1. Start with computational pre-screening. Before synthesizing a large library, use structure-based predictions (AlphaFold, Rosetta) to filter out variants likely to be non-functional. This reduces experimental costs and increases hit rates.

2. Include controls in every experiment. Always include the wild-type sequence and known positive/negative controls in your screening plate. Controls validate assay quality and provide a baseline for comparing variant performance.

3. Design libraries within platform capacity. Check the maximum library size the platform can handle in a single run. A 10,000-variant library is useless if the screening capacity is 1,000. Design libraries that fit within throughput constraints.

4. Analyze epistatic interactions systematically. When mutations at different positions interact non-additively, the best combinations can't be predicted from single-mutant data alone. Include enough double and triple mutants to detect epistasis.
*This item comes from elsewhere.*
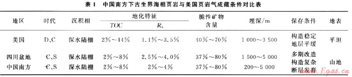 我國(guó)南方地區(qū)具有與美國(guó)東部盆地相似的頁巖氣成藏地質(zhì)條件和構(gòu)造演化歷史,均屬于古生代海相沉積盆地;沉積環(huán)境為深水相沉積、淺-深水陸棚相;頁巖的TOC>2%,為富有機(jī)質(zhì)頁巖,有機(jī)質(zhì)類型為腐泥混合型;頁巖脆性礦物含量較高,石英、長(zhǎng)石、方解石等脆性礦物總含量大于40%[9~14]。應(yīng)該看到,中國(guó)和美國(guó)頁巖氣成藏條件也存在較大的差異性(表1),主要表現(xiàn)在以下幾個(gè)方面:
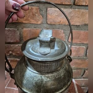 Years of patina on this old milk or cream can. 2 liquid quid quart size. She's got bumps and bruises and dents, but it all makes her that much more pretty! Perfect touch for your farmhouse kitchen or repurposed in a cottage garden. Base is 5.5" wide, about 8" from bottom to lid top.

5. Document experiment metadata thoroughly. Record expression conditions, assay parameters, plate layouts, and any deviations from protocol. Metadata that seems obvious today becomes critical for reproducing results six months later.

Common Issues

Library diversity lower than expected. Gene synthesis can introduce bias toward certain codons. Verify the actual library diversity with next-generation sequencing before screening. If diversity is low, the synthesis provider may need to adjust their process.

Screening results show high variance between replicates. Check for edge effects on plates (outer wells often behave differently), inconsistent cell density, or assay reagent degradation. Running 3+ replicates and removing outliers improves data quality.

Top variants don't reproduce in validation. Screening hits can be false positives from measurement noise. Always validate top candidates in triplicate with fresh preparations. If validation rates are low, the primary screen's signal-to-noise ratio needs improvement.